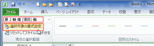 グラフ要素のドロップダウンリストで「第2横(項目)軸」を選択して、[選択対象に書式設定]をクリックします。
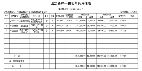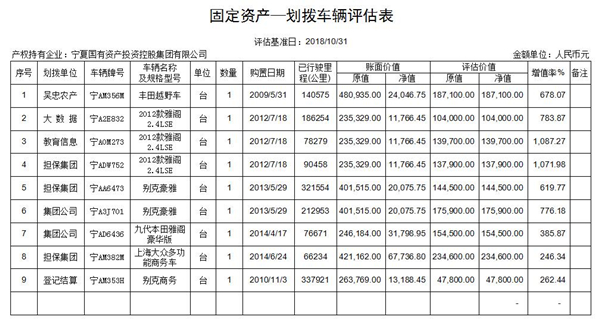 按照寧夏國投集團公司公務用車處置工作方案,北京國融興華資產(chǎn)評估有限公司依規(guī)對集團公司公務用車以2018年10月31日為基準日進行了評估。根據(jù)國有資產(chǎn)管理相關(guān)規(guī)定和自治區(qū)國有資產(chǎn)監(jiān)督管理委員會相關(guān)要求,現(xiàn)將公務用車評估結(jié)果予以公示。
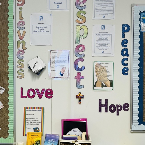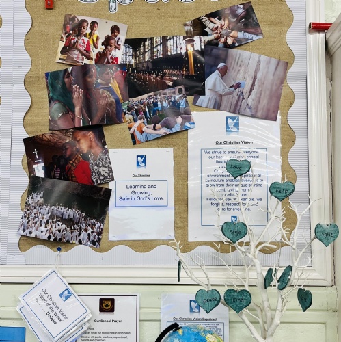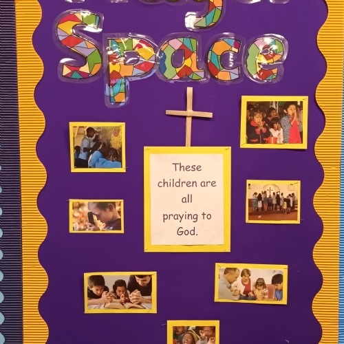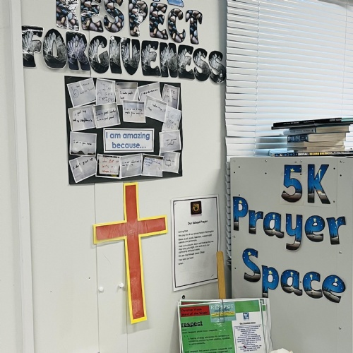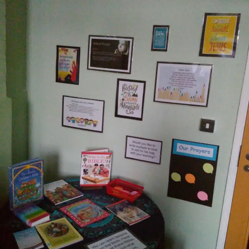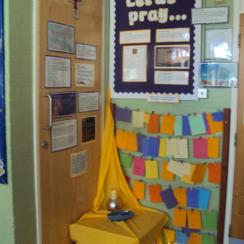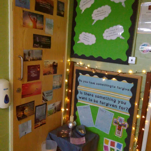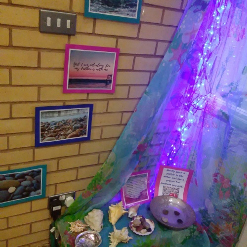 As well as every classroom having its own Prayer Space, we also have a number of Prayer Spaces in communal areas around the school. These areas are for any pupil or adult to use and enjoy. We have designated times throughout the year where groups of staff work together to create these areas. They would normally be interactive but our most recent areas have been more of a reflective display to ensure everyone is kept safe. Please see below for some examples of our communal Prayer Spaces.

+++++

WORK TO COMPLETE:
The material above is to be repeated word for word, with no images kept.

OUTPUT BELOW:
 グラフ要素のドロップダウンリストで「第2横(項目)軸」を選択して、[選択対象に書式設定]をクリックします。
 按照寧夏國投集團公司公務用車處置工作方案,北京國融興華資產(chǎn)評估有限公司依規(guī)對集團公司公務用車以2018年10月31日為基準日進行了評估。根據(jù)國有資產(chǎn)管理相關(guān)規(guī)定和自治區(qū)國有資產(chǎn)監(jiān)督管理委員會相關(guān)要求,現(xiàn)將公務用車評估結(jié)果予以公示。
 As well as every classroom having its own Prayer Space, we also have a number of Prayer Spaces in communal areas around the school. These areas are for any pupil or adult to use and enjoy. We have designated times throughout the year where groups of staff work together to create these areas. They would normally be interactive but our most recent areas have been more of a reflective display to ensure everyone is kept safe. Please see below for some examples of our communal Prayer Spaces.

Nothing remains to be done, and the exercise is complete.